The key goals of anesthetic management for patients with PH include maintaining cardiac contractility and avoiding increase in pulmonary vascular resistance by maintaining adequate analgesia and avoiding factors that can cause increase in right ventricular strain such as increased afterload, decreased coronary blood flow, reduced preload, loss of sinus rhythm, and depressed right ventricular contractility.[5] PH crisis clinically manifests as an abrupt decline in end-tidal CO2, desaturation, bradycardia, and cardiovascular collapse. Management of PH crisis includes increasing the fraction of inspired oxygen to 100%; optimization of sedation, analgesia, and ventilation (avoid overdistension of lungs or high positive end-expiratory pressures); and use of vasopressors/inotropes to increase systemic perfusion and initiating pulmonary vasodilator agents.

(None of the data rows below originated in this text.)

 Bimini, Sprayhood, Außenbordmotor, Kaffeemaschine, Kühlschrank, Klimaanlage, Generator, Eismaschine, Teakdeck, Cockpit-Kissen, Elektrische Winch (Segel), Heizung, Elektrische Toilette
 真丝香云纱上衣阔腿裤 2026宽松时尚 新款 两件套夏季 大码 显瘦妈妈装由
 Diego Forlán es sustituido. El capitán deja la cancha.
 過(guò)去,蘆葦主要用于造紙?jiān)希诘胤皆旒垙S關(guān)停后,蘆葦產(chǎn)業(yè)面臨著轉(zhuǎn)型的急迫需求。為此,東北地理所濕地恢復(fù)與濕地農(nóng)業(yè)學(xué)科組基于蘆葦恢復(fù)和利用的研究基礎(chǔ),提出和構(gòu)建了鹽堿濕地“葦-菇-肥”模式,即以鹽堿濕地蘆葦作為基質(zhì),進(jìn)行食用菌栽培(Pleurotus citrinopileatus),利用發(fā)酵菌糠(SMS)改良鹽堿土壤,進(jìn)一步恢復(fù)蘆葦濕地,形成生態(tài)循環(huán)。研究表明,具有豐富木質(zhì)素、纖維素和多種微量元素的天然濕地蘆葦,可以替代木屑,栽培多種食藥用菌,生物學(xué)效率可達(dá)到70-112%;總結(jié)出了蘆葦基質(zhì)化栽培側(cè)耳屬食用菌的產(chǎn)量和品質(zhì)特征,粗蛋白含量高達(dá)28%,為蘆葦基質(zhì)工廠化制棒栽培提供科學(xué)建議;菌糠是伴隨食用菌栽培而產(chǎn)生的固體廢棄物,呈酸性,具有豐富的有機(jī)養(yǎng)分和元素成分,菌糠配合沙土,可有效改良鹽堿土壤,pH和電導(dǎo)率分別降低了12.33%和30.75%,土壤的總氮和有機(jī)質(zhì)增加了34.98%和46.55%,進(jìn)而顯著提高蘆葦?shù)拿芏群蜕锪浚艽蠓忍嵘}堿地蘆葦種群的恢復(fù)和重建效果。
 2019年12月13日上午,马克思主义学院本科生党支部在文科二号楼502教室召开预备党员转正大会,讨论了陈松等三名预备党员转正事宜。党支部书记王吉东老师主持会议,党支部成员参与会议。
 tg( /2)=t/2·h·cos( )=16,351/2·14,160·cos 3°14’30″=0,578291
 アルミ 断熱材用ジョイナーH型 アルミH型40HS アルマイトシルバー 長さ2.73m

Availability of arterial line to accurately monitor blood pressure and central venous access for administration of vasopressors is necessary.
Additionally, avoiding hypothermia, monitoring volume of flush used by interventional radiologist to avoid fluid overload, and worsening of HF and ensuring availability of trained personnel to assist during a crisis are essential.[6]
Limitations of our report include small sample size, data obtained from a retrospective chart review, missing data, difficulty on obtaining a composite picture regarding the clinical status of the patients (due to the use of the ‘copy forward function’), variability of information in the electronic medical record, and lack of long-term outcomes due to loss of follow-up.
In summary, care of these high risk critically ill patients in remote locations requires proper planning and arrangement of resources to manage crisis.